Страница 3 из 6
Какие еще важные моменты характеризуют даосское учение? Очень важно, что появление и проявление («манифестация», тогда «Дао Дэ цзин» – Манифест) даоского учения было реакцией на появление учения Конфуция. Не «акция», а именно «ре-акция». Обратное, как бы вынужденное действие. Это очень характерно для даосизма – отдать ведущую роль, чтобы очень удачно вторить. Автор бы пошел еще дальше. Он бы осмелился сказать, что даосизм нуждался в конфуцианстве. Примерно так же, как виноградная лоза нуждается в какой-то опоре. Принято считать конфуцианство этико-социальным учением. Известны также высказывания Конфуция, когда его спрашивали о чем-то потустороннем (духах, жизни после смерти), в которых Учитель принципиально отказывался говорить на эти темы. «О живых-то не знаю!..» – отмахивался он. И позже даосизм с успехом занял эту «нишу», в которой позже его потеснил только буддизм. Так что, образно говоря, даосизм стал теми черными клавишами среди белых клавиш пианино, и музыка Поднебесной от этого только выиграла.

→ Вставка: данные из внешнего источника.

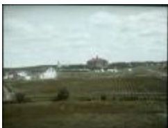
Tents at treaty time, Norway House, Man. (13d-c5712-d28)

Внутреннее в человеке – вот что интересовало даосов. «Хуан-ди нэй цзин» – «Трактат Желтого Предка о внутреннем» определил теоретическую основу китайского нэй гун – «внутреннего делания». Другой важный трактат, приписываемый Хуан-ди, – «Вопросы к Чистой Деве» – трактат о гармонии в супружеских отношениях, или, как говорили в Китае, об «искусстве внутренних покоев»: это также были важные вопросы, которых не касалось конфуцианство. «Низкое – основа высокого», – говорят даосы. Без гармонии в супружеских отношениях государственный муж высоко не поднимется. Тылы должны быть прикрыты, основа (а гармоничная супружеская жизнь ею и является) должна быть прочна. Так что внимание даосов к этим базисным вещам понятно.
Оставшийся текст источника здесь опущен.